Original author: Mach, Foresight News
On March 23, Leonid Radvinsky, the de facto controller of OnlyFans, passed away at the age of 43 after a long battle with cancer. A spokesperson for OnlyFans only said "passed away peacefully" and asked the public to respect the privacy of his family.

OnlyFans is a London-based content subscription platform where creators upload exclusive content, and fans subscribe monthly. While primarily focused on adult content creators, it also covers fitness, music, cooking, and other areas. According to the latest data from 2025, OnlyFans has a stable user base of approximately 377.5 million, with the number of creators growing to 4.63 million. Currently, OnlyFans is valued at approximately $18 billion, making it the highest-valued privately held company in the global subscription-based creator economy.
Radvinsky, a Ukrainian-American, rarely makes public appearances, yet in 2018 he acquired a 75% stake in OnlyFans' parent company, transforming a small UK-based platform into a cash cow with over $6 billion in annual transaction volume. When he took over OnlyFans in 2018, the platform was merely a "paid Instagram" cobbled together by Tim Stokely and his family with a mere £10,000 loan. After Radvinsky's major acquisition, he completely shifted the focus to adult content, resulting in explosive user growth during the pandemic, and in 2024 alone, he received over $700 million in dividends.
Little is known about Radvinsky’s stance on crypto – he has not publicly endorsed any blockchain, but he has explored the crypto world.
He has purchased tens of millions of dollars worth of ETH and has also donated to the Ukrainian DAO.
During his tenure, OnlyFans quietly launched a small feature in February 2022: supporting Ethereum-verified NFTs as avatars. The platform explicitly stated that this was "the first step in exploring the role of NFTs on the platform." Creators' NFT avatars would have a small Ethereum icon, which, when clicked, would take them to OpenSea for more details.
This seemingly insignificant feature has given millions of adult creators direct access to crypto assets for the first time.
This move was made early.
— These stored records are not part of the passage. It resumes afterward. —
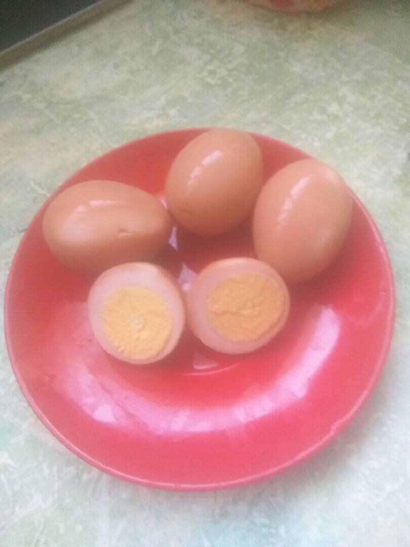 Ингредиенты: куриных яйца, свекла, чили перца, корицы, перца, сахара, соли, чеснока, яблочного уксуса, тмина, гвоздики Способ приготовления: Отварить яйца в крутую, остудить и почистить. Свёклу (можно отварить, можно сырую, это влияет на цвет) натереть на терке. Чили перец разрезать пополам. Все ингредиенты кроме яиц поместить в кастрюлю с водой, довести до кипения и кипятить одну две минуты. Яйца поместить в пол-литровую банку. Маринад процедить и залить им яйца, плотно закрыть и оставить в холодильнике на три дня. Через три дня готово к употреблению. Приятного аппетита!!!
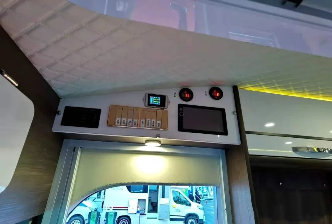 水电配置:120L清水箱、60L灰水箱;3000W逆变器、800AH锂电池、400W太阳能硬板、库仑计、12V控制面板、烟雾报警器、热水暖风系统等。
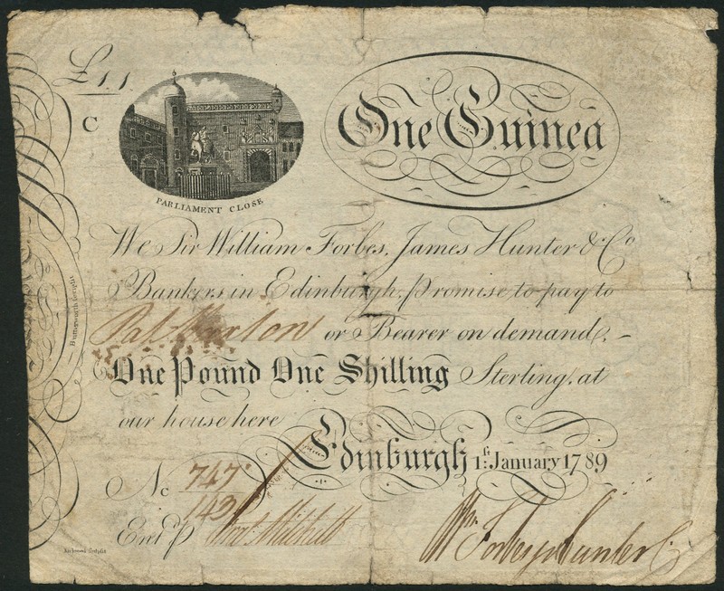 Sir William Forbes, James Hunter & Co., 1 guinea, Edinburgh, 1 January 1789, serial number 747/143, black and white, equestrian statue in Parliament Close, Edinburgh, top left in oval frame, value in ornate scrip in oval frame top right, manuscript signature in text at centre, two manuscript signature low centre
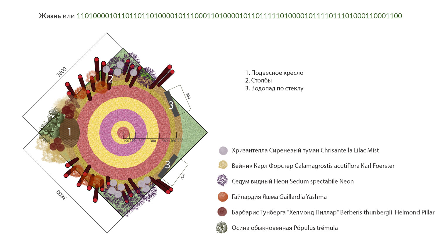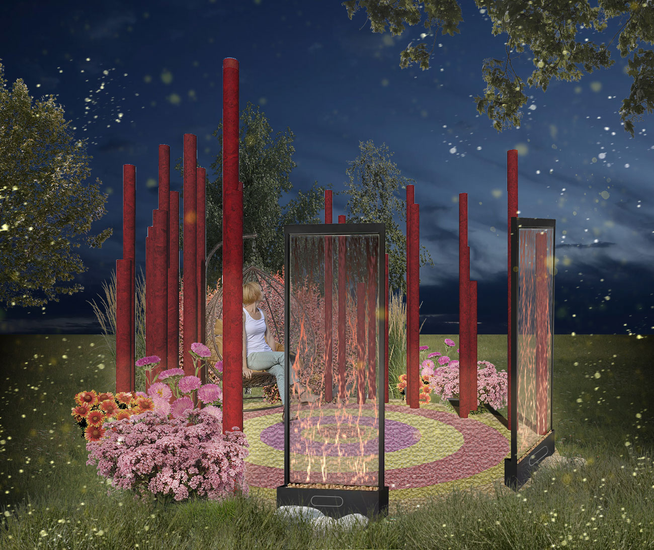 Мы научились знакомиться в интернете, узнали, что работать и учиться можно удалённо, посадили виртуальные сады и посетили сотни музеев и концертов, не выходя из дома. Мы создали идеальный мир, который состоит из набора нулей и единиц, заменив им мир, созданный Богом. Люди предпочитают забывать о том, для чего приходят на Землю: найти смысл своего существования и отыскать своё истинное предназначение, — ведь для этого необходимо бросить вызов миру реальному, приложить максимум усилий, преодолеть свои страхи и осмыслить каждый сделанный шаг. Этот сад – своего рода макет виртуального мира, где каждому из нас уготовано тёплое место. На первый взгляд в нём всё по-настоящему, но так ли это на самом деле? Приглядитесь: мандала кажется совершенной, но это лишь иллюзия гармонии и счастья. Вода на экранах смартфонов — символ жизни... Или это время, которое незаметно утекает, забирая драгоценные годы? Красные столбы – стена, которой мы оградились от мира, но от чего на самом деле она защищает?
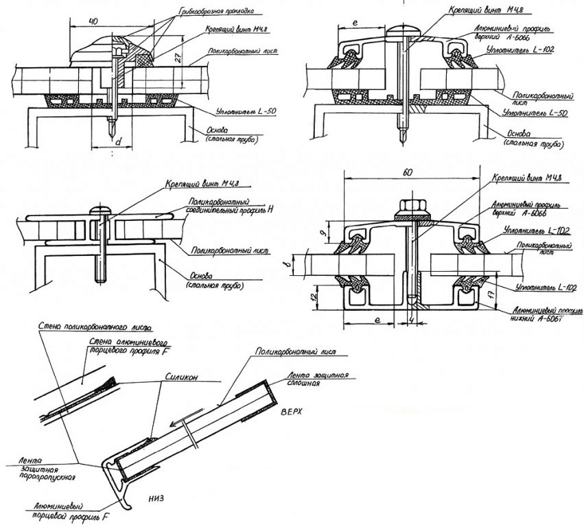 На чертеже ниже показаны другие схемы крепления поликарбоната к металлическому каркасу.
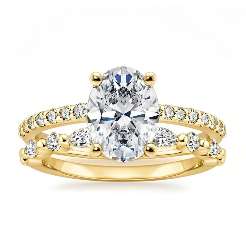 Unser Brautset besticht durch außergewöhnliche Handwerkskunst, brillante Politur, exzellenten Schliff und perfekte Symmetrie, die es aus jedem Blickwinkel erstrahlen lässt. Gefertigt aus hochwertigem 14-karätigem Gold ist dieses Set nicht nur auf Langlebigkeit ausgelegt, sondern strahlt auch zeitlosen Charme aus, der Trends überdauert. Der atemberaubende Moissanit-Mittelstein besticht durch sein bemerkenswertes Funkeln und seine Klarheit und bildet einen perfekten Blickfang, der Ihre ewige Verbundenheit symbolisiert. Jeder Ring dieses exquisiten Sets bietet Komfort und Stil und eignet sich perfekt für besondere Anlässe und den Alltag. Wählen Sie dieses Brautset als wertvolles Symbol Ihrer einzigartigen Liebesgeschichte.

That year, the NFT craze was at its peak, Twitter launched NFT avatars, and OnlyFans quickly followed suit.
What is little known is that Fenix International, the parent company of OnlyFans, also purchased tens of millions of dollars worth of ETH.

According to the company's financial statements at the end of November 2022, Fenix purchased a total of approximately $19.9 million worth of ETH and classified it as intangible assets. Due to the cryptocurrency market crash in 2022 and the sharp drop in the price of Ethereum, the company recorded an impairment loss of approximately $8.46 million that year, adjusting the value of its ETH holdings to approximately $11.4 million.
The OnlyFans platform has not yet enabled encrypted payments; users still rely on credit cards or third-party virtual cards. During Radvinsky's era, OnlyFans was more like a hybrid of "traditional finance + adult content," taking a 20% cut and maintaining an incredibly stable cash flow.
Turning our attention to the Russia-Ukraine war in 2022, a group of cryptocurrency activists and enthusiasts quickly rallied in support of Ukraine.
Their method was to auction off an NFT artwork depicting the Ukrainian flag. An auction by the decentralized autonomous organization "Ukraine DAO" raised 2,258 Ether, worth approximately $6.79 million at the time.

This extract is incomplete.